Bank Will Get Key Info From Ex-Auditor

     SAN DIEGO (CN) — A federal judge ordered a former bank employee to turn over documents for a lawsuit that claims he cost BofI Federal Bank’s “hundreds of millions of dollars in lost market capitalization” by releasing confidential information in a lawsuit and to The New York Times.
     BofI, or Bank of Internet USA, an online banker, calls itself one of the fastest-growing banks in the country on its home Internet page. Its stock trades on the NASDAQ.
     It hired Charles Matthew Erhart as an entry level internal auditor at its San Diego headquarters in September 2013.

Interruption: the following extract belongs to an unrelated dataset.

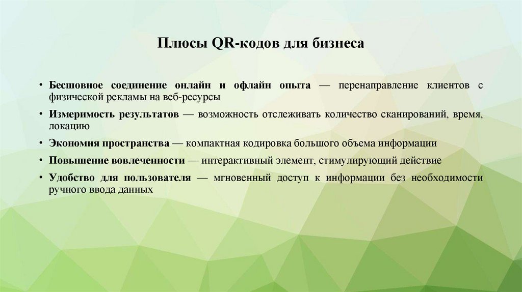 Плюсы QR-кодов для бизнеса• Бесшовное соединение онлайн и офлайн опыта — перенаправление клиентов с

     On March 5, 2015, “BofI management learned that Erhart failed to complete at least nine internal audits assigned to him and that he had conducted his own ‘rogue’ and unapproved investigations,” U.S. District Judge Nita Stormes wrote in her April order on joint motion for discovery and granting the bank’s motion to compel.

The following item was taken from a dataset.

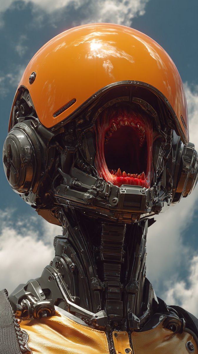 Захватывающее зрелище: трехмерная визуализация устрашающего черного робота, чье открытое горло обнажает ряд зловещих красных клыков. Его взгляд прикован к камере, создавая ощущение непосредственного столкновения с механическим хищником. Робот облачен в яркий неоново-оранжевый шлем, который контрастирует с темной металлической структурой и добавляет футуристический акцент. Изображение выполнено в гиперреалистичном стиле, отличается исключительной детализацией и фотореализмом, что позволяет рассмотреть мельчайшие элементы конструкции робота – от текстуры металла до сложных узоров на шлеме. Влияние стиля Грега Рутковски проявляется в драматическом освещении и общей атмосфере эпичности. Композиция фокусируется на лице и шее робота, подчеркивая его выразительную мимику и угрожающий вид. Гладкие пряди волос, неожиданный элемент для механического существа, добавляют нотку загадочности и словно намекают на некую связь с человеческим началом. Фон представляет собой мягкое облако желтого цвета, создающее ощущение парения в невесомости и усиливающее эффект сюрреализма. Это мощное изображение сочетает в себе элементы научной фантастики, ужасов и искусства, представляя зрителю завораживающий образ технологического кошмара. Контраст между холодным металлом робота и яркими цветами шлема и облаков создает визуальную напряженность и привлекает внимание к ключевым деталям композиции. В целом это впечатляющая работа, демонстрирующая мастерство в области трехмерной графики и художественного видения

     The very next day Erhart requested, and the bank granted, unpaid leave for family medical leave. Erhart sued the bank in October, claiming it fired him for blowing the whistle on the bank’s shoddy practices.
     His attorney Carol Gillam told The New York Times at the time: “As a former federal prosecutor and long time employment lawyer, I find the bank’s conduct as alleged here to be among the most egregious I have seen from a publicly traded company.”
     The Times reported in its Oct. 13, 2015 story that the bank “has become one of the country’s top-performing banks by churning out high-cost mortgages to wealthy individuals with complex finances,” but Erhart accused it of “cutting corners as it grew at a rapid pace.”
     Bank CEO Gregory Garrabrants told the Times the lawsuit was factually inaccurate, that federal regulators reviewed all of Erhart’s allegations and “found them to be wholly without merit.”
     The bank then sued Erhart, alleging computer fraud and wrongful dissemination of “confidential, privileged and proprietary information.”
     The bank says it learned on Oct. 13, the day Erhart sued it and the Times published its story, “that Erhart publicly disclosed some of the confidential information he obtained from BofI both to the New York Times and in the complaint he filed. On that same day, BofI’s stock price plummeted 30.2 percent. On October 19, 2015, BofI filed this action, contending that Erhart’s disclosures caused BofI’s stock price to plummet, resulting in hundreds of millions of dollars in lost market capitalization.” (Citations omitted.)
     A November 2015 temporary restraining order against Erhart and his attorneys prohibits Erhart from disclosing, copying, destroying, deleting or altering any of the bank’s confidential information. It also ordered Erhart to return any confidential information he possessed about the bank.
     In a Dec. 6, 2015 deposition, Erhart testified that he did not share confidential information with anyone other than his counsel and federal law enforcement authorities, according to Judge Stormes’ case summary.
     “He further testified that he sent information to his mother for safekeeping before he retained counsel because he feared the bank would destroy the information, and that his mother never looked at it,” Stormes wrote.
     The bank believes Erhart’s attorney was complicit in giving information to the Times and disclosed confidential regulatory information in the whistleblower complaint. It subpoenaed Gillam to produce her nonprivileged communications with the media and other third parties.
     The subpoena specifically requested communications between Gillam and Times reporter Peter Eavis, Seeking Alpha Inc., an investment blog, and those who write for the publication and others who sought information on the bank, such as short sellers, investors, law firms and investigators.
     The bank said the subpoena requests are relevant because revealing the people with whom Gillam communicated will “identify the full scope of Erhart’s breaches of confidentiality,” all of which is relevant to prove breach of confidentiality and claims for damages.
     The bank also claims that Gillam acknowledged she communicated with The New York Times before filing the initial whistleblower complaint.
     Gillam noted she is not a defendant in the bank’s lawsuit though an essential element of the bank’s complaint is that she filed the lawsuit that caused its stock to plummet. She argued that if she is compelled to respond to the subpoena, the bank will seek her testimony, effectively turning her into a witness and intruding on the attorney-client privilege.
     But Stormes found the documents sought are relevant, in fact, that they are “the heart of most, if not all, the claims asserted.”
     “Communications regarding BofI with The New York Times or any other reporters or third parties are relevant to whether and what extent Erhart disseminated any confidential information belonging to BofI,” Stormes wrote.
     The ruling applies to communication to and from Gilliam, as communications to her may speak to the nature of any information Gillam provided to the media, Stormes wrote.
     The judge denied without prejudice Gillam’s argument that allowing discovery of communications between her and The New York Times would reveal her litigation strategy.
     Stormes told Gillam to produce a “privilege log” describing the nature of her communications with the Times and how that could reveal her litigation strategy.
     Gillam did not return an emailed request for comment.
     The Bank of Internet is represented by Polly Towill with Sheppard Mullin Richter and Hampton in Los Angeles, who did not return an email request for comment.